The improvement in foreign currency inflows in March 2020 is likely to be supported by the palm oil price, which has improved by 50 per cent in the past nine months, and increased activity in the mining and agricultural sectors.
Palm oil prices are expected to find support in 2020 with higher biofuel mandates in Indonesia and Malaysia seeing an end to a four-year low in July 2019.
In January 2020, Indonesia rolled out a B30 biodiesel mandate, requiring diesel to contain 30 per cent palm-based biofuel, up from 20 per cent.
Malaysia’s biofuel mandate was also increased to 20 per cent, from 10 per cent previously.
The implementation of the B30 mandate in Indonesia and the B20 mandate in Malaysia will translate to a 25 per cent and 15 per cent increase in biofuel demand according to analysts.
Dry weather in 2020 will limit production volumes, whilst strong competition from soybean and sunflower oil substitutes and weaker oil prices will cap prices.

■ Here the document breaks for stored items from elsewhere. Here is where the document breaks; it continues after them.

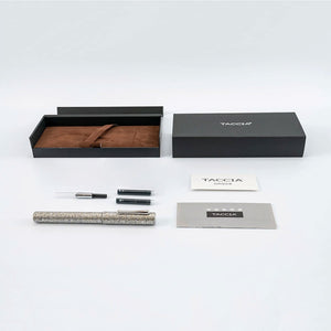 Açıklama: Taccia Granit Taş Dolma Kalem - Beyaz CT, rafine işçiliğin ve olağanüstü yazma deneyiminin özünü temsil eder.Granit kayanın karmaşık yapısından ilham alan bu kalem, Japon tasarım sanatına ve doğal unsurların kalıcı güzelliğine bir övgü niteliğindedir.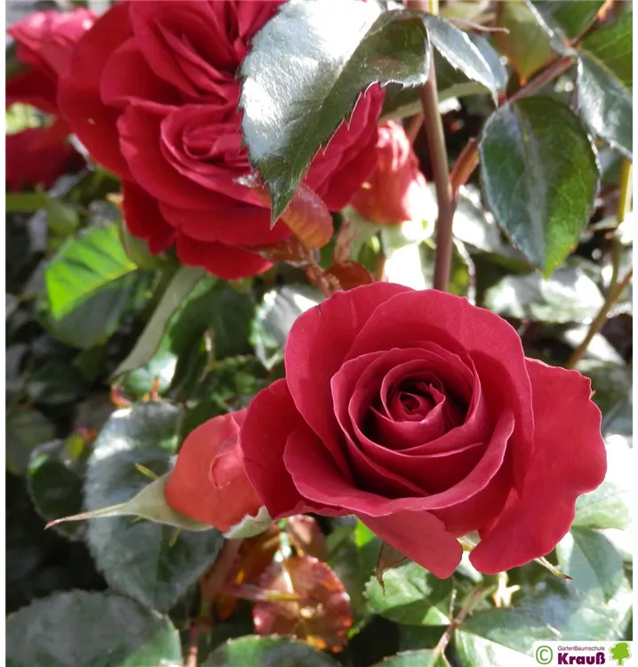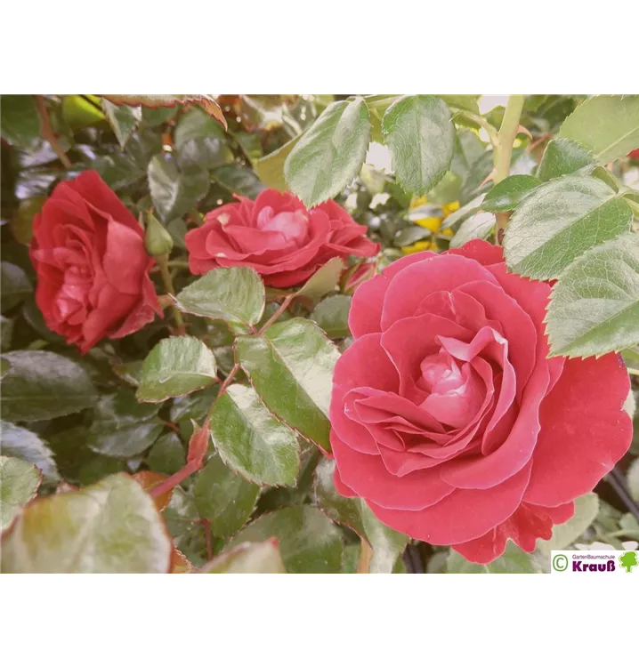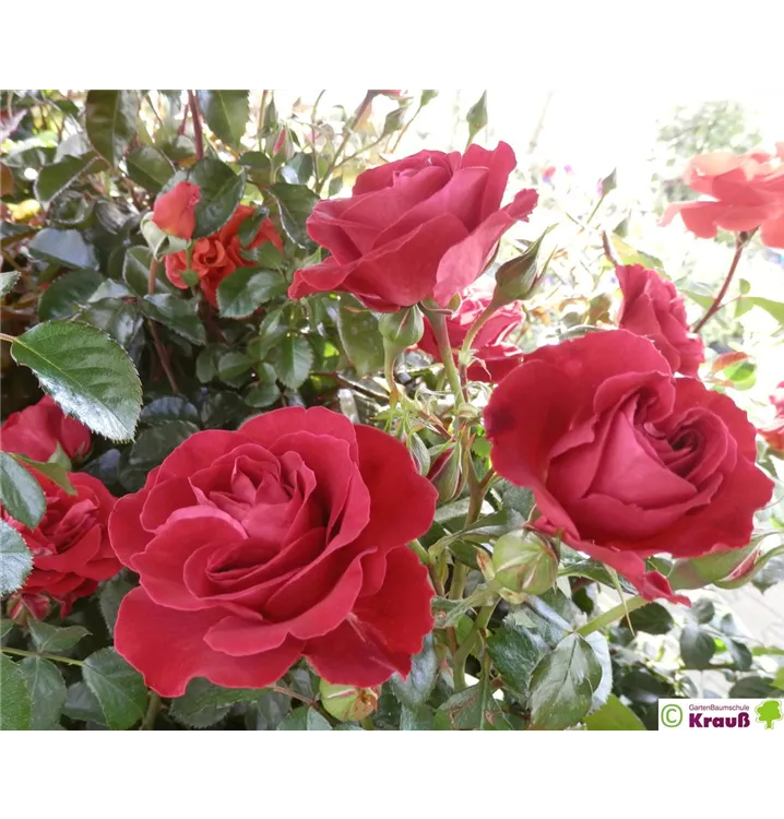 Die klassisch samtroten, gefüllten Blüten sind etwa 8 - 10 cm groß und stehen in Dolden. Sie sind über die gesamte Blütezeit sehr farbstabil. Die Knospen sind edelrosenähnlich, voll erblüht zeigt die Rose in der Mitte gelbe Staubgefäße.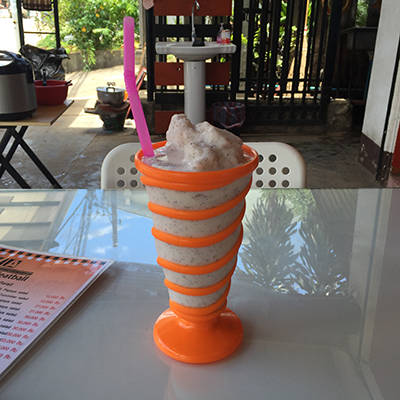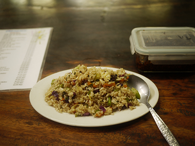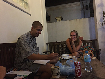 ごはん食べながら、宿までのタクシー(乗り合い)で一緒だった日本人の人を見つけて、「こんにちは〜」と言ってみる。

The kina is likely to outperform against the Australian dollar (as was the case in 2019), with Australian exports of iron ore, coal, agriculture, tourism and education disrupted by the bushfires and the coronavirus and US interest rate differentials weighing on the Australian dollar.
Gold continues to benefit from persistent global uncertainty in 2020, whilst analysts are predicting oil and copper prices will fall slightly, both suffering from weakening global growth and oversupply.
Oil prices fell to its lowest level in a year, as the coronavirus outbreak curtailed Chinese demand and sparked potential supply cuts by OPEC and its allies.
As the outbreak hits fuel demand in China, the world’s biggest crude oil importer, refiner Sinopec Corp told its facilities to cut throughput this month.